Using credit is a core part of handling your money in today’s economy. Credit can help you make ends meet week to week and build wealth in the long run. 

Even under the best of circumstances, recent graduates face challenges when it comes to getting and using credit. A combination of economic conditions is making it especially tough this year. 

It’s important for recent graduates to understand that building credit is not just about establishing credit. To build credit you need to use it the right way. Early mistakes with credit can plague you for years to come.

This guide takes you through the obstacles that today’s economy create, and show you a pathway towards credit building and using it successfully.

What to expect from today’s economy

Here are some of the economic conditions that make credit building in 2022 an especially tough time for recent grads:

  • High inflation is stretching paychecks to their limits – and beyond. Inflation in 2022 is the highest it’s been in more than 40 years. This makes it hard for consumers to make ends meet. A recent Credit Sesame survey found that roughly a third of Americans are spending at least 90% of their paychecks from week to week – which leaves little cushion for emergencies, savings or major purchases.
  • The possibility of recession could limit employment opportunities. The U.S. economy shrank slightly in the first quarter of 2022, according to the Bureau of Economic Analysis. There is concern that this weakness could develop into a full-blown recession. If so, recent grads would be likely to have a harder time finding a good job.
  • Rising interest rates make borrowing more expensive. People who are new to using credit are often charged the highest interest rates. With rates generally rising because of inflation, look for borrowing to cost more in the months ahead.
  • The moratorium on student loan payments is due to expire at the end of August. Recent grads may have more of a grace period before they have to start making payments, but this is a reminder that these payments are a financial responsibility many young adults start out with before their careers have even started.
  • Rising consumer defaults could make credit tougher to come by. A composite index of defaults on consumer debt payments has risen for six straight months. When more people are failing to make their payments, lenders become more cautious about who they lend to. That can be especially tough on young people who haven’t had a chance to establish a good credit record.

7 reasons why credit building is important

Credit comes in many forms. It includes credit cards, car loans and mortgages – all things you may find necessary or desirable in the near future.

The more you can prove your ability to use credit responsibly, the more access to it you’re likely to get. Here are seven reasons it’s worth the effort:

  • Credit gives you alternatives to using cash. Using credit can be safer than carrying cash around, and in some situations is the only option. 
  • Credit allows flexibility about when to pay. Sometimes, you need to pay for something over time or act on an opportunity without having to get the cash together up front.
  • Credit helps you make major purchases like a car or a home. Very few people are in a position to pay for big-ticket items without borrowing. That makes getting a loan essential for some things.
  • Good credit makes borrowing cheaper. Lenders make higher-risk borrowers pay higher interest rates. The better your credit, the more competitive your rates are likely to be.
  • Some landlords check credit when evaluating tenant applications. Especially in markets where rental vacancies are scarce, having good credit could make the difference between getting a good apartment or not.
  • Some employers use credit checks in their hiring decisions. Your credit history says something about how you handle your responsibilities, and whether you have problems that could be a distraction. Hiring managers find that kind of information useful.
  • Your credit score can affect your insurance rates. In many states, insurance companies are allowed to use your credit history as a factor in deciding how much your premiums will cost. That means good credit can save you money. 

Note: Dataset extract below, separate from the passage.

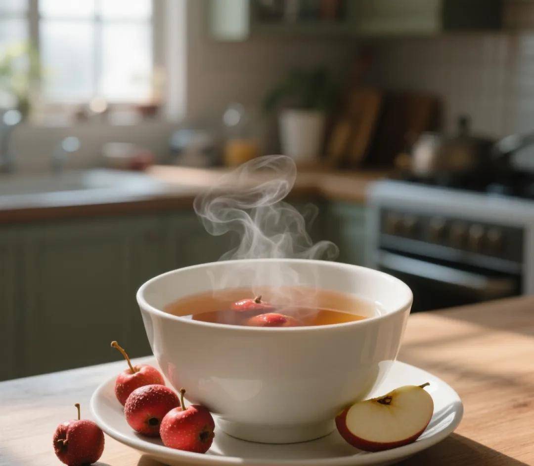 山楂富含有机酸,能刺激胃液分泌,增进食欲;苹果中和了山楂的酸涩,使口感更加柔和。二者煮水,不仅生津解渴,还能化解夏天因暑湿导致的食欲不振。

Getting started: Credit building tips for recent grads

Young adults face a similar challenge when trying to get credit as they do when looking for a job.

With getting a job, the problem is that employers often want experience – but how do you get experience until someone will hire you?

When it comes to getting credit, lenders like to look at a person’s history of consistently making their debt payments. But how do you build that history unless someone will give you credit?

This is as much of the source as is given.